Penn is still finalizing its marketing plans for Alberta but expects to spend $15 million to $20 million around launch.

“It’s a really important market and we’ve all learned through the years that those initial signups you get, those are the most valuable customer cohorts that you end up with,” Snowden said. “So we gotta make sure we launch successfully in Alberta like we did in Ontario, and when you do you, tend to hold onto your market share much more effectively.”

Snowden noted that theScore’s sports media brand carries across Canada.

Penn interactive stats through January

Page 14 of Penn’s year-end investor presentation detailed some of the key changes since ditching the ESPN Bet brand on Dec. 1.

Online sports betting handle fell 24%, and that trend is expected to continue as Penn plans to let its lower-worth customers fall off. That helped sports betting net revenue more than double as hold improved 4.73 percentage points.

Average monthly active users grew 7% while average revenue per monthly active user climbed 54%.

The interactive segment reported a 290% increase in adjusted contribution profit, which is adjusted gross profit minus marketing costs. Interactive marketing costs fell 65% over those two months.

Sports predictions need Supreme Court judgment

The legal outlook for sports predictions is “clear as mud” according to Snowden, adding that it is “obvious” that these markets are sports betting.

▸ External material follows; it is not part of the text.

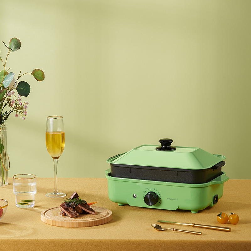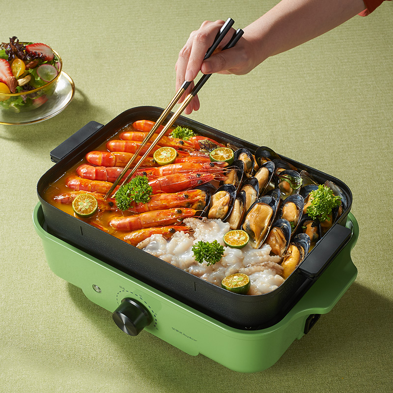 Ronganda Multi-functional cuisine pan Home Two-style electric hot pot barbecue stove Multi-purpose breakfast electric steam boiler square

“This really cannot get in front of the Supreme Court fast enough,” Snowden added. “… We’re just going to keep seeing this get delayed and delayed and delayed, and the businesses get bigger and broader.”

The current situation, where land-based operators are kept out of the market due to their gaming licenses in Nevada, puts those operators in an awkward position since others like DraftKings and FanDuel can operate in the predictions space, he noted.

As he noted during the third-quarter call, Snowden thinks “the best defense is offense” for the land-based operators. He has ideas that he has shared with his counterparts in those businesses and is having conversations with regulators and lawmakers to turn the situation into a win for both the operators and states.